News Corp and LinkedIn - What’s the deal?

Nov 28, 2007 – 08:46 by Ryan

There is a hot rumor going around that News Corp is working on a deal to acquire LinkedIn. We’re going to dig into this match :-)

Rumors and Theories

VentureBeat believes that News Corp is interested in LinkedIn to bolster the declining Wall Street Journal classifieds business. We think this might be a nice enhancement for WSJ but that other News Corp properties stand to gain more from the acquisition, namely MySpace. We think the WSJ integration will probably work its way around but imagine that MySpace will be the number one priority. We see the stagnant/declining MySpace traffic as a much larger leak in the dam.

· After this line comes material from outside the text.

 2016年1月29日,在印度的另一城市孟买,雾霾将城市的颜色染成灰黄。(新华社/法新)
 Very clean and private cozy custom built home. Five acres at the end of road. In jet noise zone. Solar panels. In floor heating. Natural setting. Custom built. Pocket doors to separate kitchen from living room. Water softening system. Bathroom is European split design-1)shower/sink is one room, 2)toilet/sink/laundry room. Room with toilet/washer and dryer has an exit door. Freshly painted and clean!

Read/WriteWeb believes that an acquisition by News Corp would increase the pressure on Facebook to join OpenSocial. If both MySpace and LinkedIn hadn’t already joined the OpenSocial network, we would give more credibility to this statement.

What is Murdoch thinking?

MySpace has announced that they will release a friend feed, privacy controls, application platform and an ad network. The beauty of these announcements is that they all came after Facebook already released products in these categories.

Outside of content distribution it appears as if the innovation canister has run dry at MySpace. We think Murdoch needs to clean house at MySpace and bring in people who can give the property a technology advantage. Perhaps this is the real reason behind the acquisition of LinkedIn.

LinkedIn’s Pipeline

LinkedIn must have something special in their product pipeline if they’re discussing a sale. LinkedIn has stated that they have been profitable since March of 2006 yet they took $12.8M in venture capital in January of 2007. What are they spending the money on? Take a look at our previous post that estimates Facebook’s platform costs.

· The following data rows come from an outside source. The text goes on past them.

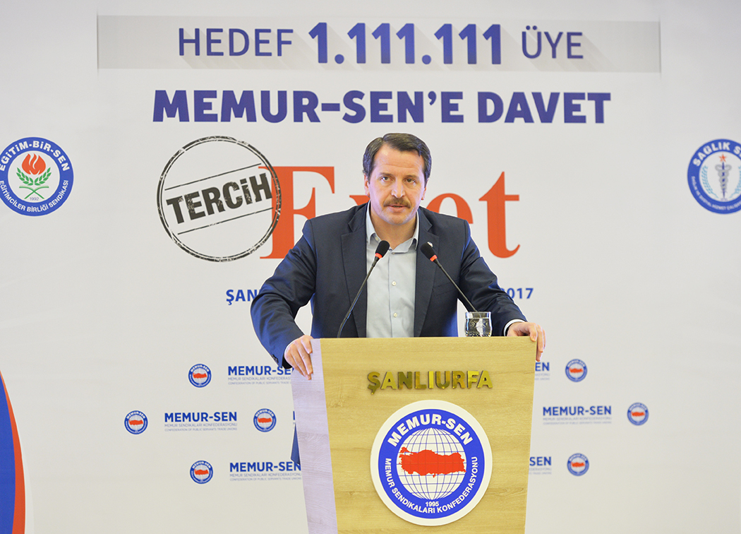 Memur-Sen il temsilcisi İbrahim Coşkun, elde ettikleri kazanımlar ve verdikleri mücadele ile Türkiye ve bölgenin en büyük emek örgütü olduklarını ifade etti. Coşkun, “Türkiye’nin ve bölgenin en büyük emek hareketi, kamu görevlilerinin yetkili sendikası Memur-Sen olarak her kurumda her kuruluşta varız. Dünyanın neresinde inleyen bir yürek varsa oraya insanlık taşıyoruz. Anadolu’nun umudunu artırıyor, hayallerini güçlendiriyoruz. Daha özgür ve güçlü bir Türkiye için, ülkemiz ve milletimiz için, daha adil bir dünya için Memur-Sen’i daha da büyütmeliyiz. Bu bilinçle ‘Memur-Sen’e Davet’ seferberliği başlattık. Sendikaların üye sayılarının güncelleneceği Mayıs ayına kadar hedefimiz 1 Milyon 111 bin 111 üyeye ulaşmaktır” dedi.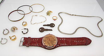JUNK DRAWER LOT_WATCH,KEYS,EAR RINGS,CHAIN,VINTAGE JEWELRY FINDINGS_SCRAP or NOT
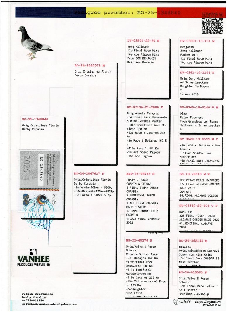 Serie porumbel: RO-25-1348840 Original Cristuinea Florin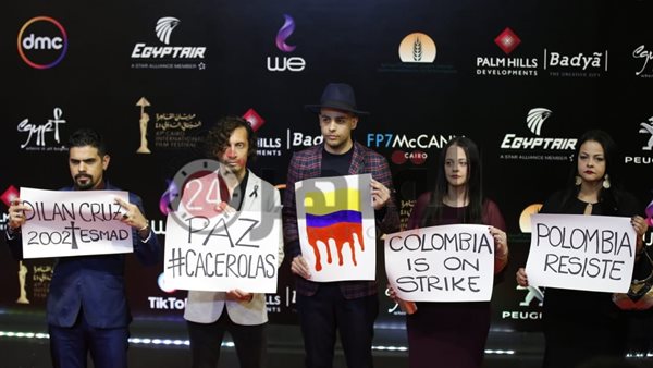 وظهر أبطال الفيلم، على الـ”ريد كاربت” الخاص به، رافعين لافتات عليها “كولومبيا تنزف”، تضامنًا مع الشعب الكولومبي.

If LinkedIn doesn’t have a stellar product in their pipeline they may be spooked by their drastic decline in traffic last month.

12-06-2007 UPDATE: It looks like the initial Compete numbers may have been off. Originally, they showed a 31% decline in LinkedIn’s traffic in Oct of 2007. Hmm…

What about Google?

Google is trying to sit on top of all social networks so this really doesn’t impact them. Google is already in bed with News Corp so they’ll only have to worry about fewer OpenSocial partners to integrate with.

LinkedIn Valuation

We’ve heard a couple of interesting numbers about what people think LinkedIn is worth. We’re going to assemble a valuation based on publicly available data and a couple of assumptions.

Users: 16M
2007 Growth: 264%
Oct 2007 User Visit Growth: -31%
2006 Revenue: $10M
2007 Revenue: $25M (guesstimate based on 2007 user growth)
Monthly Visitors: 6,631,828
Monthly Page Views: 74,939,656

Based on their traffic and revenue it’s hard to imagine that LinkedIn would fetch that high of a price. LinkedIn’s most valuable asset is actually your data or their social network. If LinkedIn is able to fetch $300 per user then they are looking at a $4.8B valuation.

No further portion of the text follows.